Let’s say a well-known company announces an
opening. Okay, the employer probably has dozens of openings. Depending upon its
reputation and locations, résumés pour in—sometimes several hundred in a day.
Most
jobseekers assume their résumé will be read: In reality, that’s not the case. Only
a handful gets that far. The others are glanced at. The résumés that arrive
after the selection process starts often get discarded.
The résumé
ads receiving attention are the ones that satisfied five overriding conditions.
The process takes 7 to 11 seconds per résumé. The conditions most often
considered are:
1. Location: Where is the applicant from?
If you are more than a 45-minute commute, and
the position is non-management, chances run high the screener stops there. If
the opening involves a management position, this carries less weight, but can
be important, as a cost-to-interview decision needs to be made. Even at the
executive level, where one lives carries consideration. (This portion takes between 1 and 2 seconds.)
2. Appearance: The instant the reviewer determines
a résumé is going to be tedious or difficult to read, those get passed over.

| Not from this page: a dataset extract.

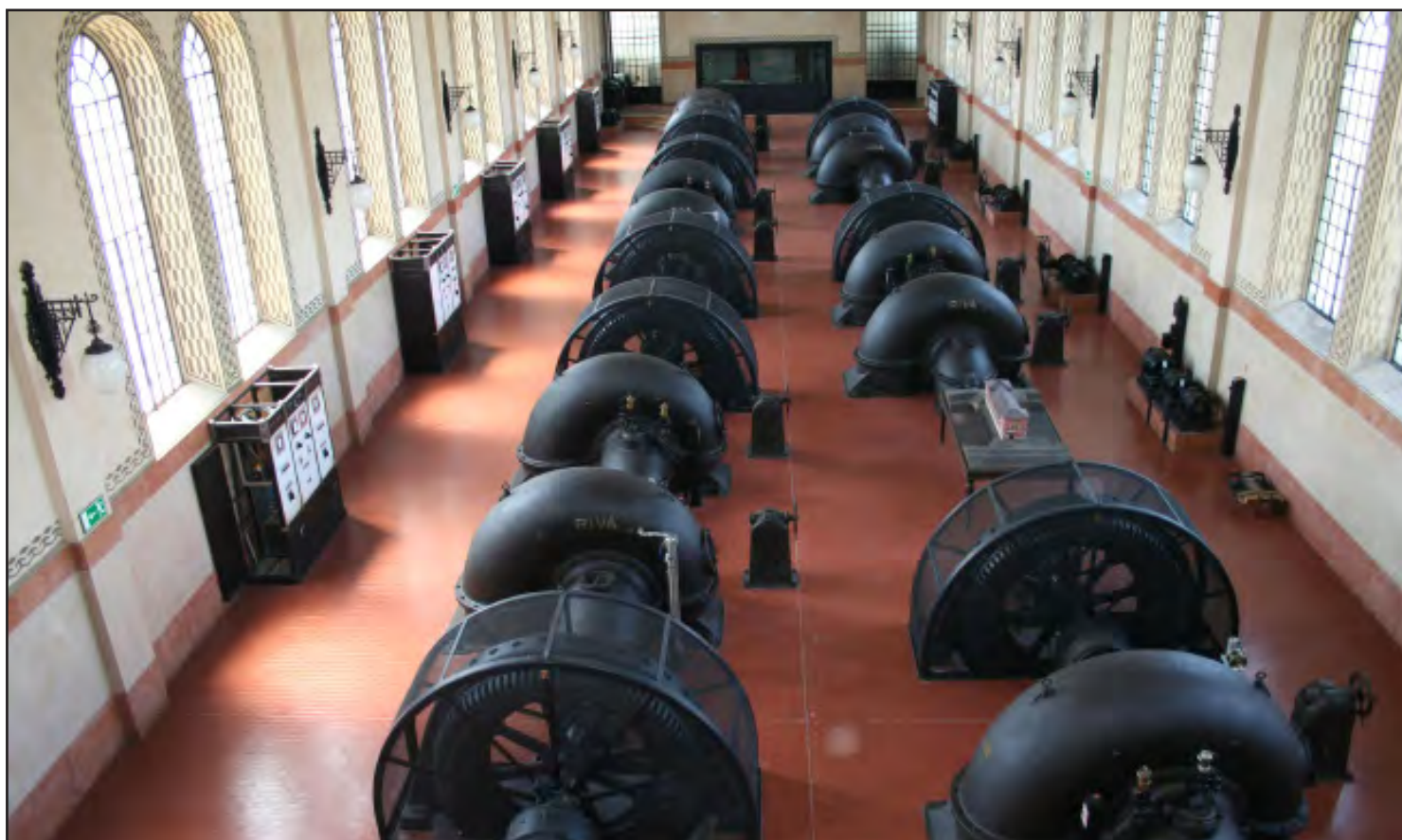
Vista degli interni

This is especially the case whenever the reviewer has identified four or five
decent candidates already. (This process occurs
in 2 to 3 seconds.)
3. Experience: Do the companies and
positions held by applicant appear relevant? Too many employers and/or short
periods of employment also constitute red flags. Also, there is no point in
reading a programmer’s résumé when you are looking for an IT manager? The
screener need scan no further. (This
process takes between 3 and 4 seconds.)
4. Education: Once the reader gets past
the first three items, this is where most screeners stop cold. If the position
requires specific educational level, or collegiate pedigrees and the résumé
fails to contain that information, the process ends. (This takes 1 or 2 seconds.) Add up the seconds and you have the
average 7-to-11 scan rate.
5. Gut reaction: Candidates who receive
acceptable nods on the first four conditions, still encounter gut instinct. The screener has not
actually read the details, but rather glanced at it in 7-to-11 seconds. If the
reviewer’s gut says the candidate appears qualified, the résumé gets placed in
the small, to-be-read or reviewed pile.
Many large
employers use automated AI screening software. It can be programmed to perform
the same operations in steps one-through-four. While this speeds up the
screening process, it leaves much to be desired. Software glitches abound, and
are void of human instinct.
Trust
me on this: Most résumés do not get read. In half the cases, the reading
portion does not occur until the day of the interview. If you are receiving
invitations to interview, invest your time honing your interviewing skills. You
may assume your résumé ad is working.